Post-Brexit trading arrangements in Northern Ireland are “not working” yet but “can be made to work”, Michael Gove has insisted.
The Cabinet Office minister admitted “disruptions and difficulties” are being faced in the nation by businesses and admitted “we are very far away from resolving all those problems”.
He piled pressure on Brussels ahead of a meeting with European Commission Vice President Maros Sefcovic in London on Thursday to discuss the issues.
Mr Gove said he believed the issues could be resolved within the existing “Northern Ireland Protocol”, without needing to trigger the Article 16 procedure to effectively override it.
The Protocol was designed to prevent a hard border but has resulted in additional checks for goods crossing from Great Britain to Northern Ireland.
Mr Gove last week wrote to Mr Sefcovic calling for an extension of grace periods to allow companies to adapt to the new arrangements until 2023.
But on Monday he was highly critical of the EU Commission’s decision to trigger Article 16 temporarily – later revoked – over vaccine supplies.
He called it a moment “when trust was eroded, when damage was done”, and when Ireland and other EU member states were “ridden roughshod over”.
“Pandora’s Box has been opened and that is concerning… who knows what Trojan horses will come out,” he told a Commons committee on Monday.
“If people put a particular type of integrationist theology ahead of the interests of the people of Northern Ireland they are not serving the cause of peace and progress in Northern Ireland, and that is my principal and overriding concern.
“Even though the EU said they would not be invoking Article 16 on this occasion, they haven’t given us a binding undertaking never to do so.”

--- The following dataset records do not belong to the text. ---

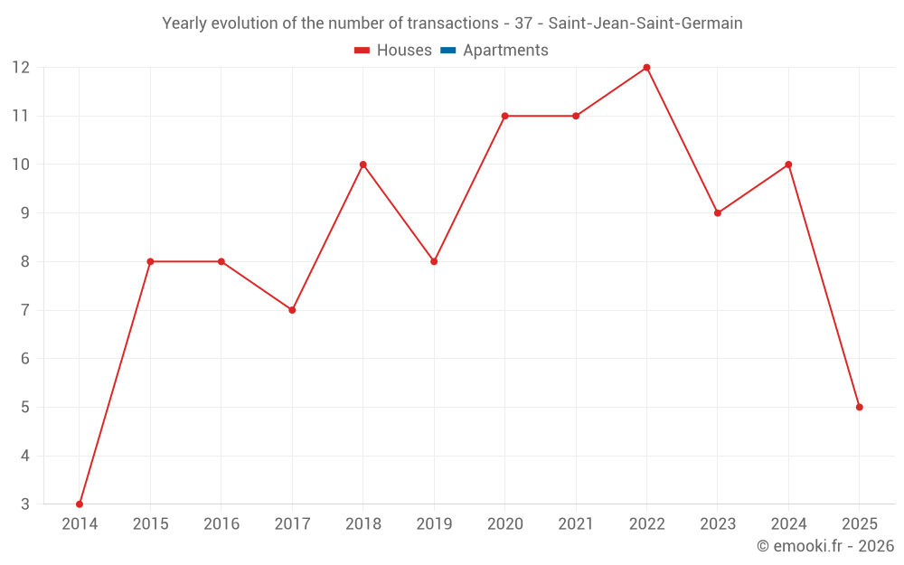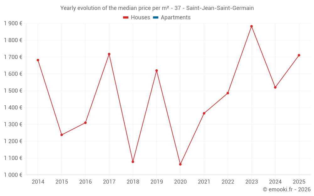 The median price on the 20 house transactions of the last 24 months in the municipality of Saint-Jean-Saint-Germain was 1 544 € per square meter for a median property value of 130 000 €. Over this period, 60% of transactions were between 560 and 1 781 € per square meter (from the 2nd to the 8th deciles).
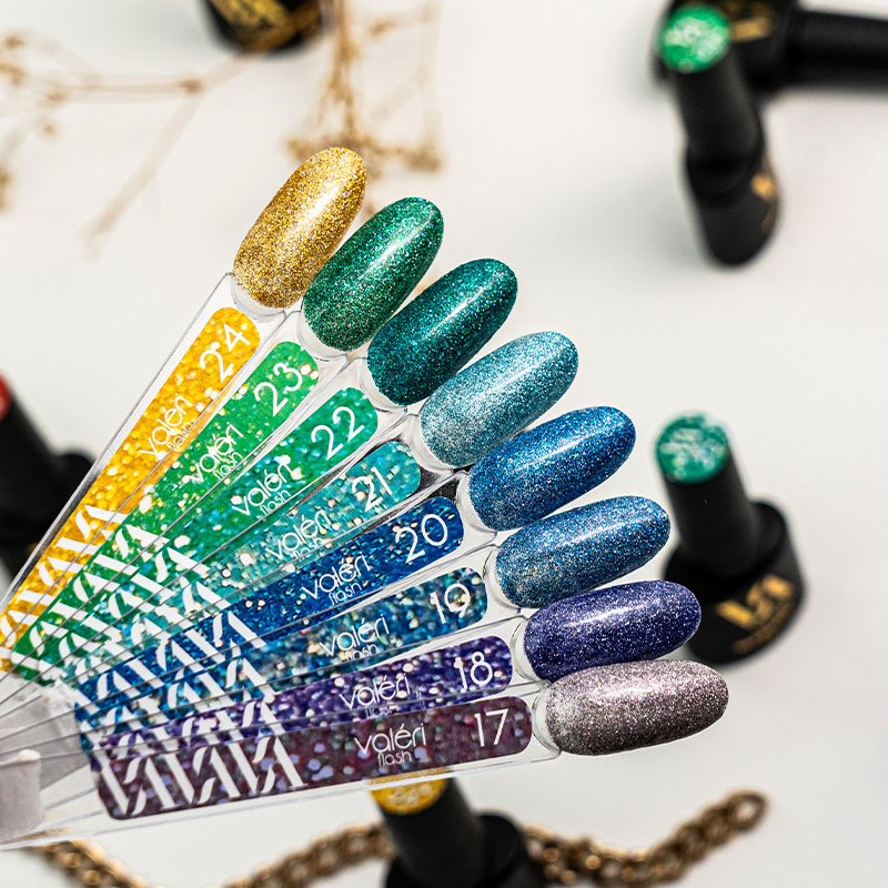 Гель-лаки Valeri Flash - это коллекция светоотражающих гель-лаков, в которую входит 8 невероятно красивых цветов. Имеют невероятный внешний вид при попадании на них света.
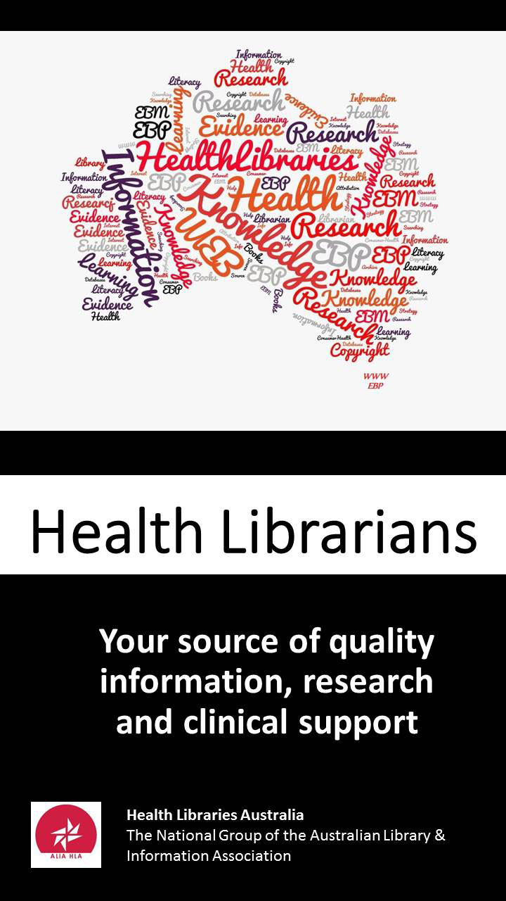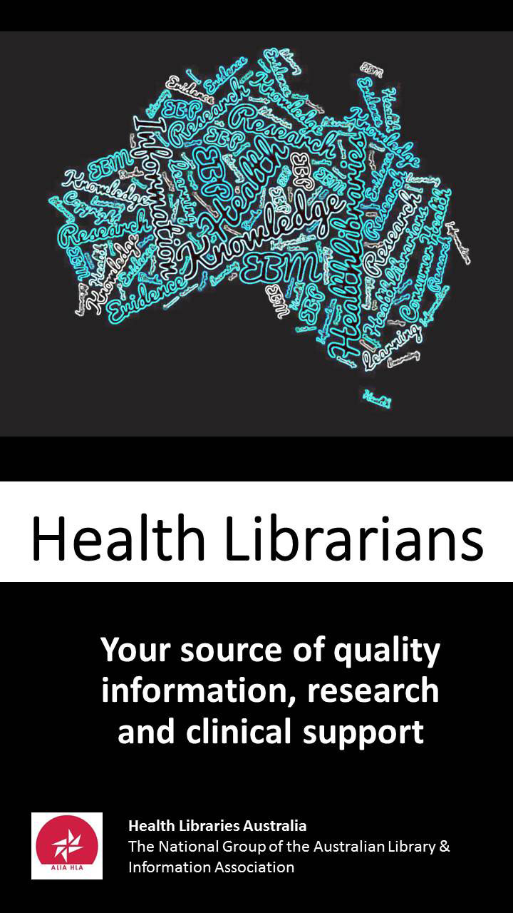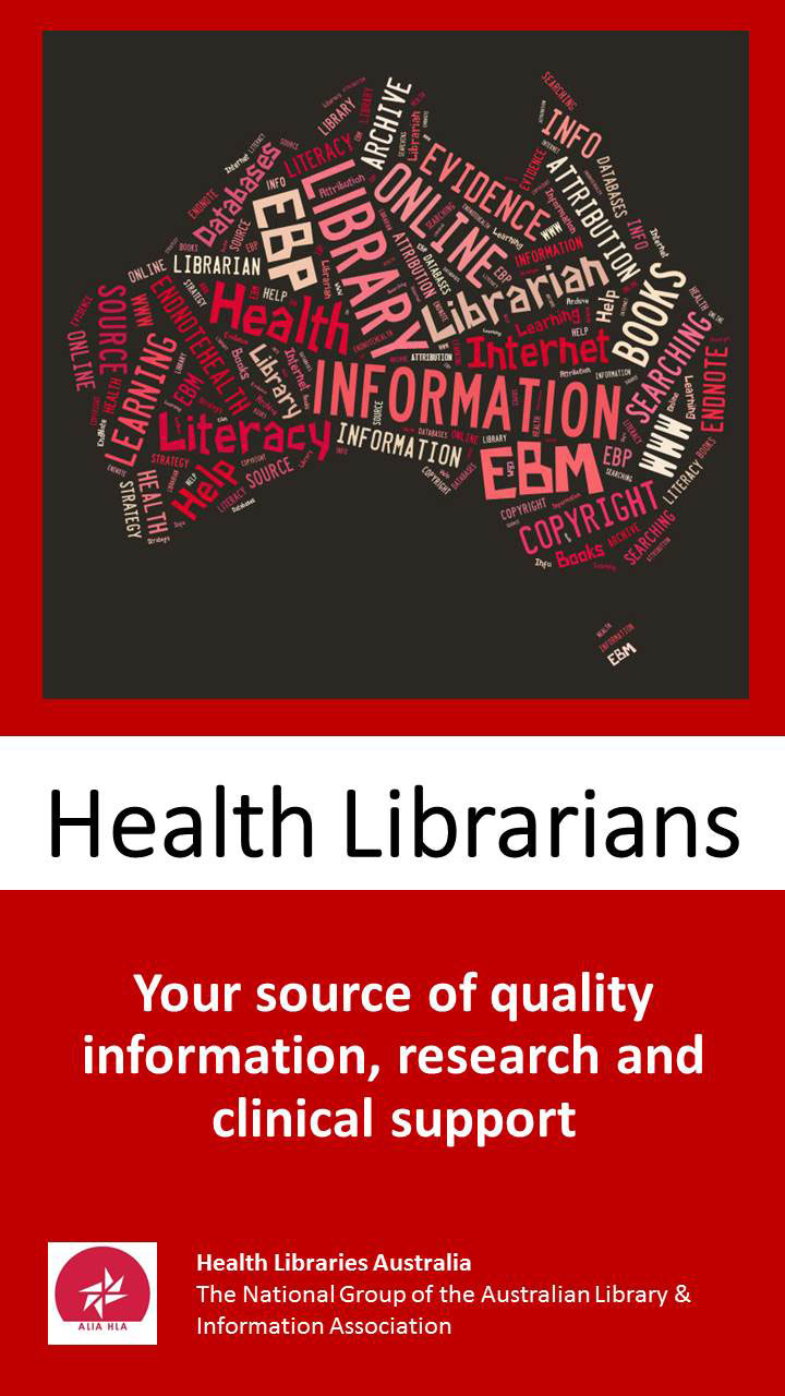 Health Libraries Australia (HLA) is the national professional organisation representing librarians and information professionals working in all health sectors including: hospitals and other clinical facilities, research institutes, regulatory agencies, pharmaceutical and biotechnology companies, government departments, regional health services, professional colleges, universities, cooperative research centres, not-for-profit and community organisations, and parts of public library services. The vision of Health Libraries Australia is that all Australians benefit from health library and information professionals’ expertise that is integral to evidence based health care.
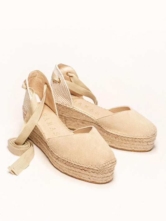 Alhamas es alpargatas cómodas, ya que la plantilla acolchada que hemos puesto en la planta hace que sean las alpargatas más cómodas del mundo. Alpargatas de cuña alta, alpargatas de cuña media, alpargatas de plataforma y alpargatas planas son las 4 alturas que Alhamas tiene en su colección. También podrás encontrar alpargatas con cinta y alpargatas con pulsera, bailarinas, slippers e incluso botas con cuña y botines con cuña de entretiempo. También disponemos de complementos como cintas de algodón para alpargatas de numerosos colores, y también pañuelos, para que puedas combinar y dar un toque diferencial a tus alpargatas Alhamas. Alpargatas cosidas a mano en La Rioja por nuestros maestros artesanos, alpargatas artesanales echas como lo hacían nuestros abuelos durante toda su vida, a fuego lento y puntada a puntada.
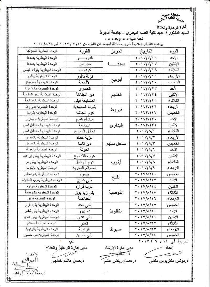 Program of therapeutic caravans in the villages of Assiut Governorate for the period from 16/7/2017 to 24/8/2017 12 July 2017 Program of therapeutic caravans in the villages of Assiut Governorate for the period from 16/7/2017 to 24/8/2017
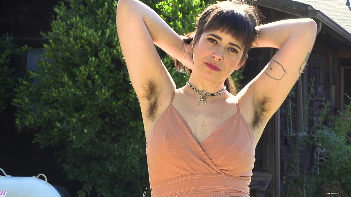 Freya is having a wonderful time in my garden, eating tomatoes and soaking in the sunshine. The warmth gets her all turned on as she shows off her hairy armpits and pussy for you.
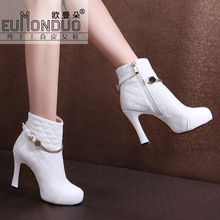 清仓特价不退换真皮粗跟短靴女防水台高跟鞋马丁靴单裸靴加绒皮靴
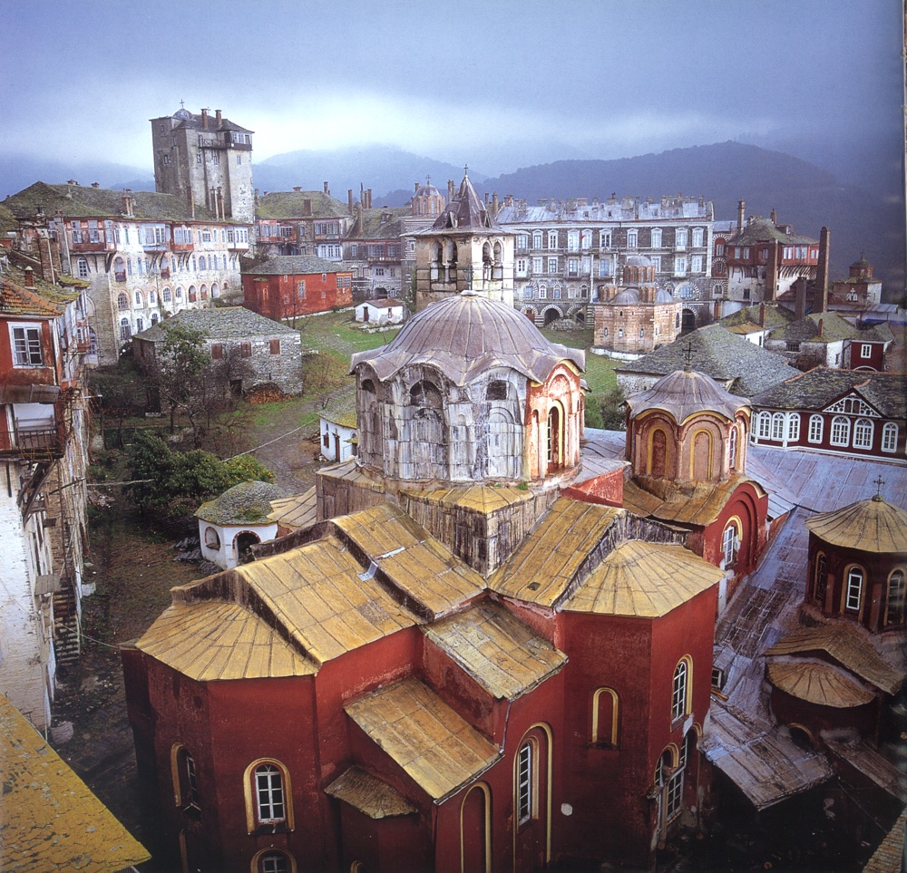 Η δυτική πλευρά της Μονής από τον πύργο του Αγίου Γεωργίου (ή «τού Αγίου Ονουφρίου”) μέχρι τον πύργο της Μεταμορφώσεως. Διακρίνεται το παλαιό οχυρό συγκρότημα της εισόδου της Μονής και το νεώτερο προστώο της
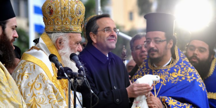 Ο Αγιασμός των υδάτων έγινε στον Πειραιά, το κεντρικό λιμάνι της χώρας παρουσία του πρωθυπουργού ο οποίος άφησε με τα χέρια του ένα λευκό περιστέρι να πετάξει στον ουρανό. Ο κ.Σαμαράς θέλησε με τις δηλώσεις του να δώσει ένα μήνυμα ελπίδας την οποία όλοι αναζητούμε ,αλλά είναι βέβαιο ότι μόνο με τις δηλώσεις δεν θα τη βρούμε.
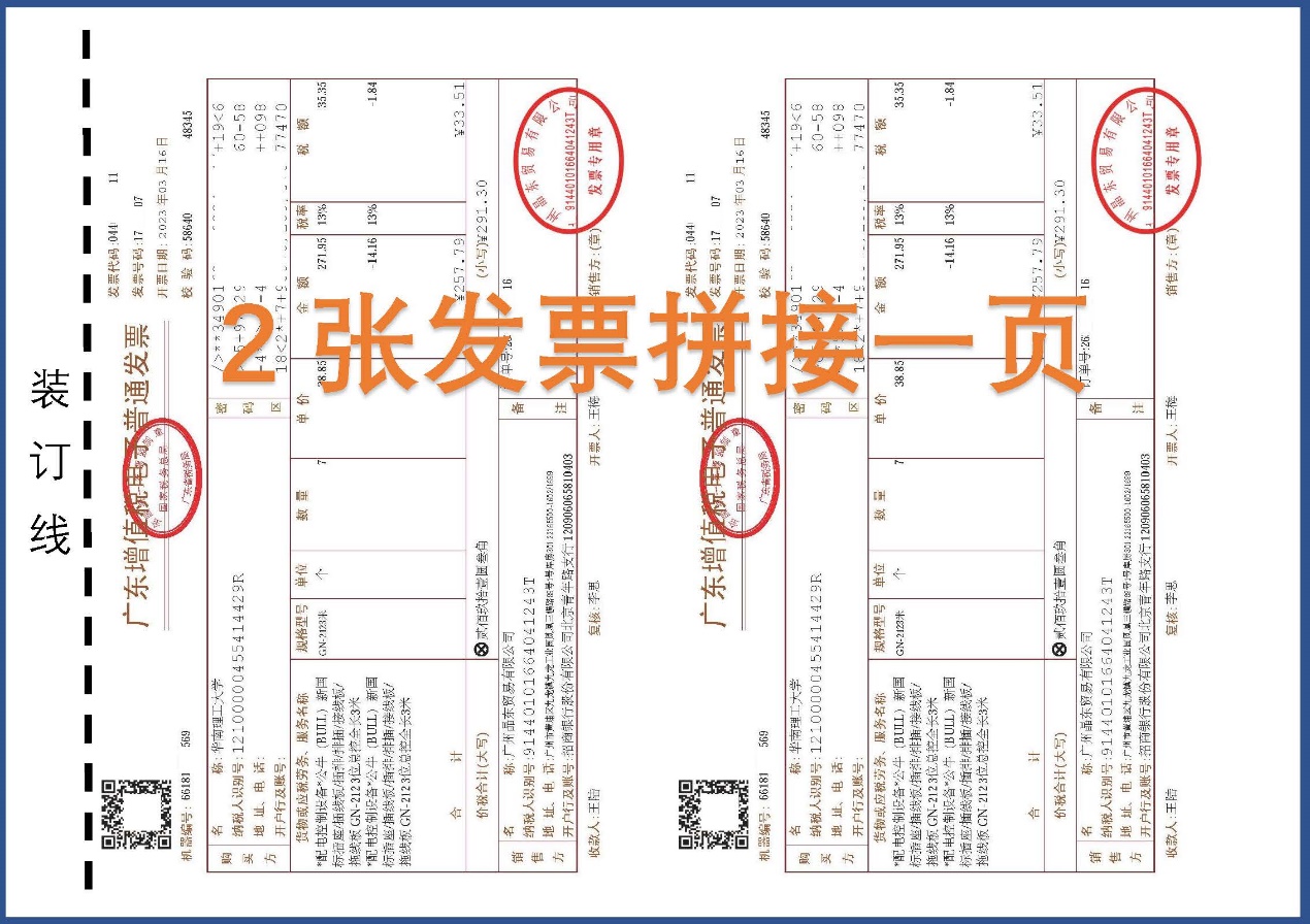 1)请使用A4纸打印电子发票。同时报销多张电子发票时,倡议每页打印多张电子发票(每页不超过4张,建议只拼接2张),并且双面打印。

Prime Minister Boris Johnson himself threatened last week to employ the same device, telling MPs: “We will do everything we need to do, whether legislatively or indeed by invoking Article 16 of the Protocol to ensure there is no barrier down the Irish Sea.”
Calls from the DUP and other unionist parties to scrap the whole Protocol have intensified in recent weeks, following evidence of some disruption to trade arriving at Irish Sea ports from Great Britain.
Unionists and loyalists believe Northern Ireland’s position within the UK has been undermined by the Protocol, which was incorporated into the Withdrawal Agreement to ensure a free-flowing Irish land border post-Brexit.
It means Northern Ireland follows the EU’s rules on goods while the rest of the UK is not similarly obliged.
It requires extra pre-delivery red tape and inspections at Northern Ireland’s ports which initially reduced consumer choice of some food supplies and threatened parcel deliveries.
But senior Cabinet Office official Jessica Glover told MPs that trade flows from Great Britain to Northern Ireland are “back to normal”.
Ms Glover, director general of the Transition Task Force in the Cabinet Office, told the Commons European Scrutiny Committee: “GB to NI trade flows are back to normal and indeed slightly higher now than they were in the equivalent week last year.
“So we are not seeing disruptions in trade flows on that route which is again a testimony to the really good work that many businesses I know have done to get themselves ready for those arrangements.”